Aviemore Highland Resort v Cairngorms National Park Authority,

Inverness Sheriff Court – Appeal Hearing, 24th March 2009

We are currently awaiting the decision of the Sheriff Principal in an appeal against the interim judgement in this case. The Cairngorms National Park Authority (CNPA) had served a notice under section 14 of the Land Reform (Scotland) Act 2003 requiring the Aviemore Highland Resort (AHR) to remove a fence and hedge which blocked access between the Resort and the centre of Aviemore. The interim judgement had indicated that, although the obstructions had been in place before the 2003 Act came into force, they were continuing obstructions which could be the subject of a valid section 14 notice. This would not be retrospective operation of the Act. This was only an interim judgement because the Sheriff said that there should be a further hearing on whether the obstructions had been put in place for justifiable land management reasons.

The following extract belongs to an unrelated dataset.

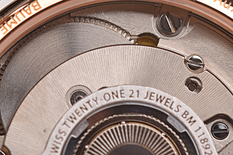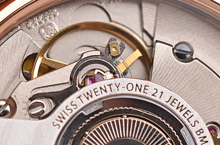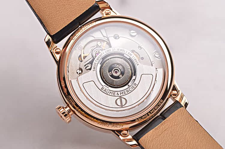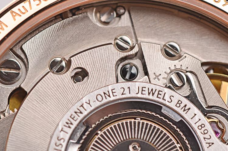 名士BM11892A型机芯,自动机械,精致日内瓦条纹打磨,21钻,摆频28800,动力储存约42小时。

AHR appealed on the basis that a section 14 notice could not be served in relation to works or actions or omissions entirely prior to the 2003 Act coming into force. It was not valid to argue that obstructions had continuing effect after the Act came into force. The Act should only apply to acts carried out after it came into force. There had been no concept of access rights before the Act, and there could have been no obstruction before that date.


It was argued for CNPA that the section 14 notice had been served in relation to a state of affairs that was existing at the date of the service of the notice. The date that the obstruction had first been put in place was not important. The test was whether the obstruction was in place at the date of service of the notice, and whether such obstruction was to prevent or deter access rights. When deciding whether to serve a notice, the access authority does not have to consider the date when the obstruction was first put in place, but only whether there is an obstruction on the date of the notice.